Your reply should reproduce all the data below exactly while excluding the pictures.

### Dataset extract
--------------------------------

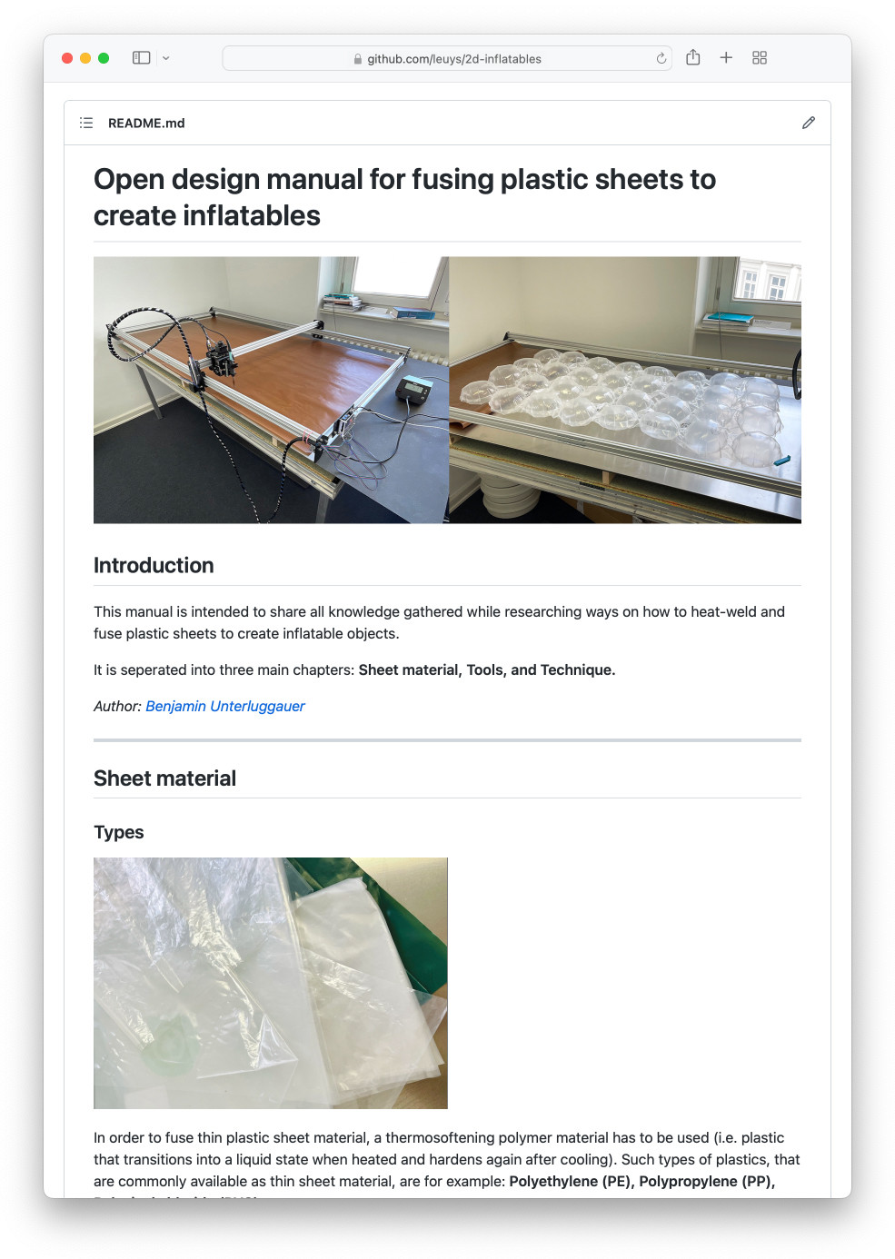 , 2021Research into the topic of inflatables, to assemble a comprehensive open-design manual exploring ways how to rapidly prototype inflatable objects by fusing plastic sheets.
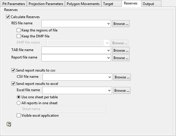 Select this checkbox to calculate the reserves. You will need to specify the name of the reserves specification (.res) and report specification (.tab) files to be used, as well as the name of the resulting report file (.rep).
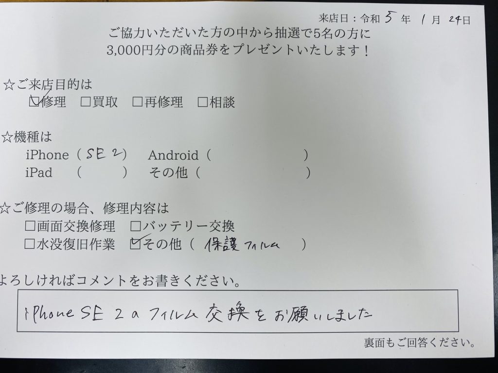 スマホスピタルイオン相模原 【iPhone SE2】ガラスフィルムの交換をしました!
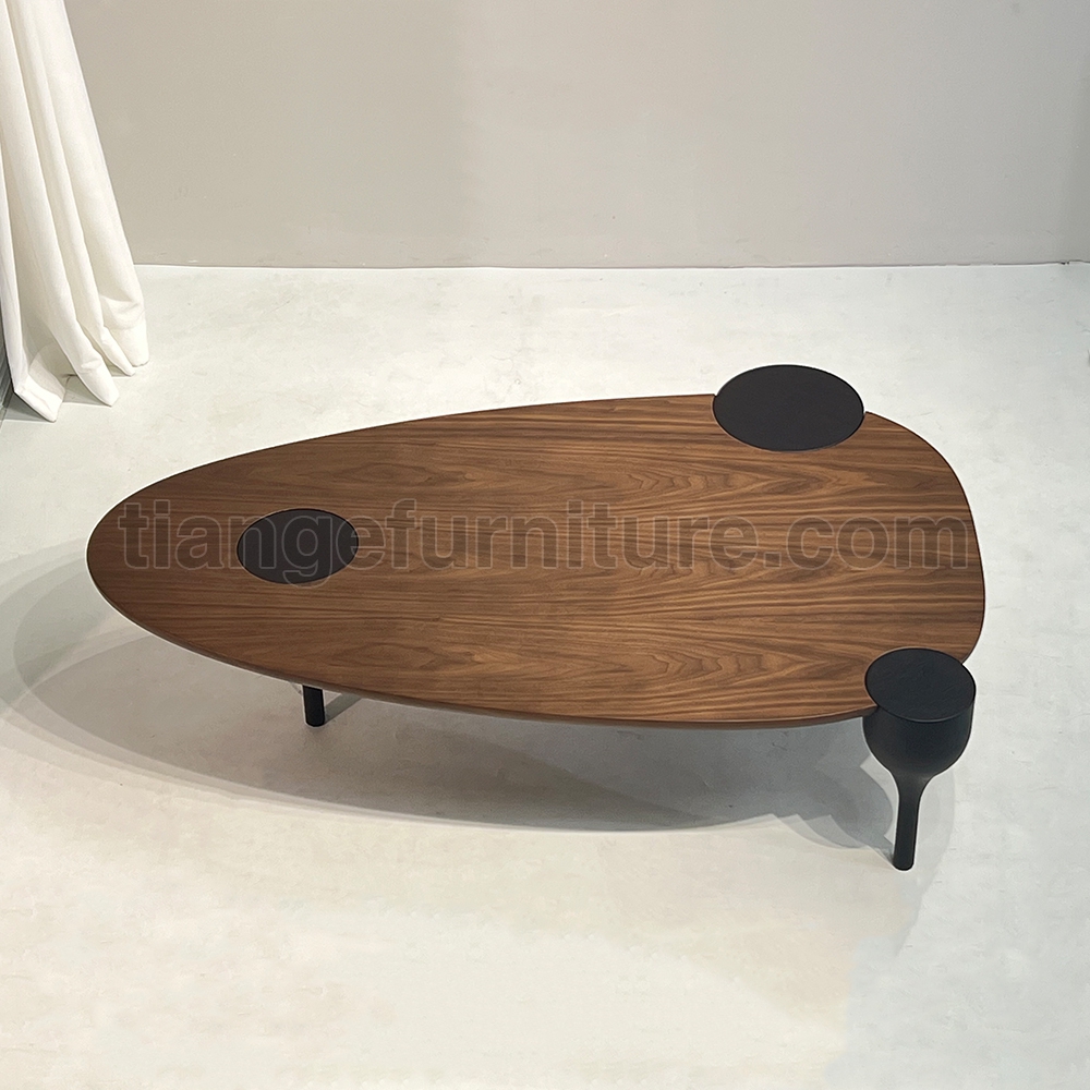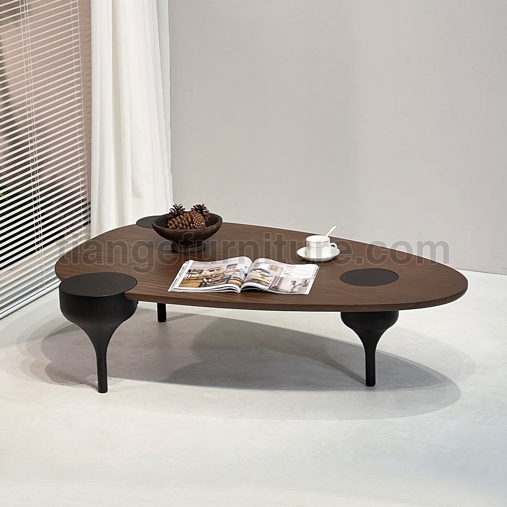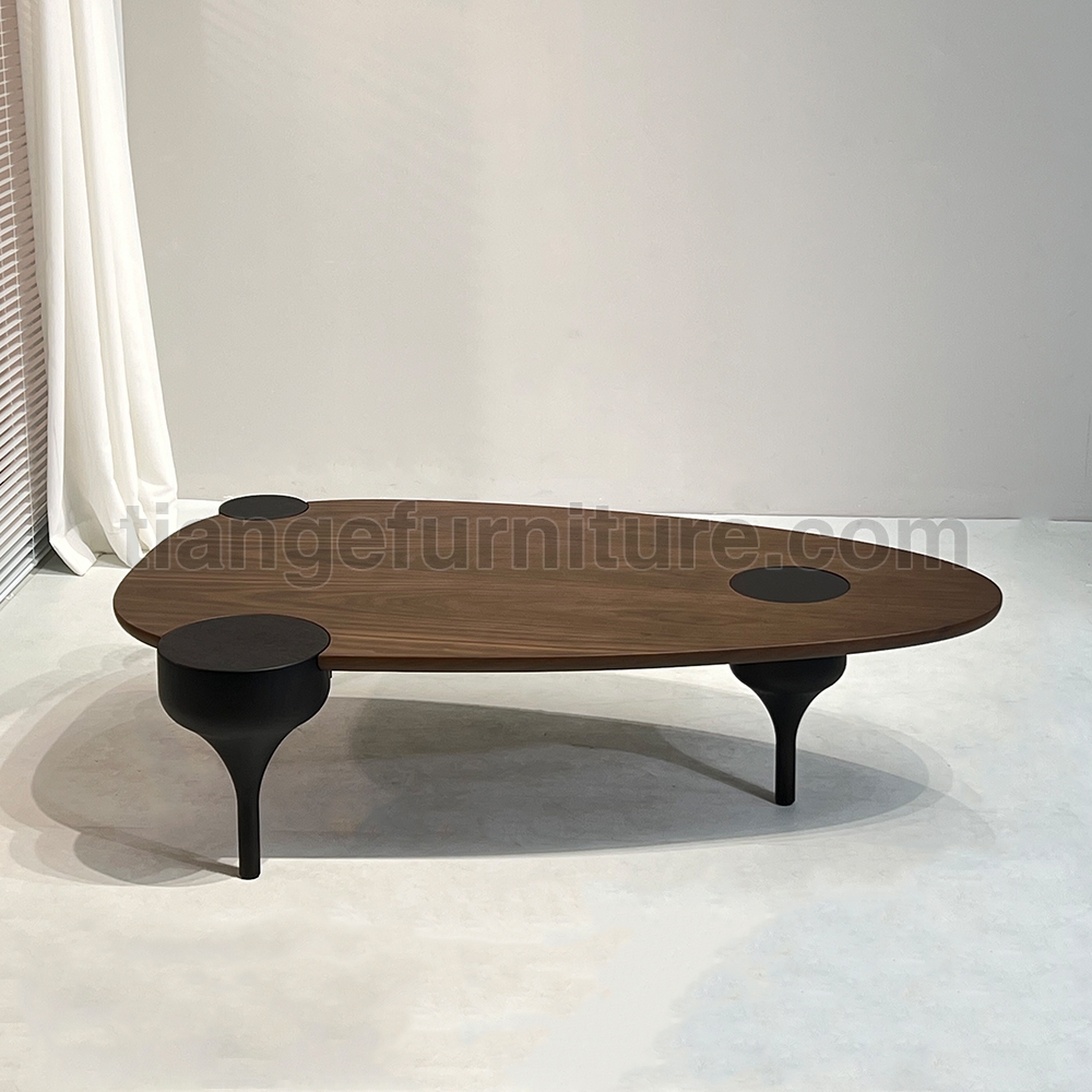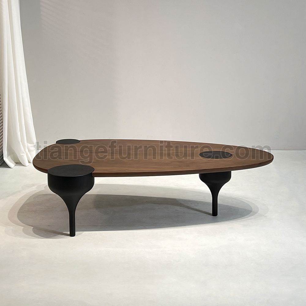 The Reuleaux Collection, celebrates the softer side of nature. The rounded, asymmetrical tops and elegantly tapered legs combine to mimic the gentle, rounded edge of a glacial pond, the languid meandering of a river estuary, or the smoothness of a river stone. Designed by Bruce Andrews.

--------------------------------

### Solution
 , 2021Research into the topic of inflatables, to assemble a comprehensive open-design manual exploring ways how to rapidly prototype inflatable objects by fusing plastic sheets.
 Select this checkbox to calculate the reserves. You will need to specify the name of the reserves specification (.res) and report specification (.tab) files to be used, as well as the name of the resulting report file (.rep).
 スマホスピタルイオン相模原 【iPhone SE2】ガラスフィルムの交換をしました!
 The Reuleaux Collection, celebrates the softer side of nature. The rounded, asymmetrical tops and elegantly tapered legs combine to mimic the gentle, rounded edge of a glacial pond, the languid meandering of a river estuary, or the smoothness of a river stone. Designed by Bruce Andrews.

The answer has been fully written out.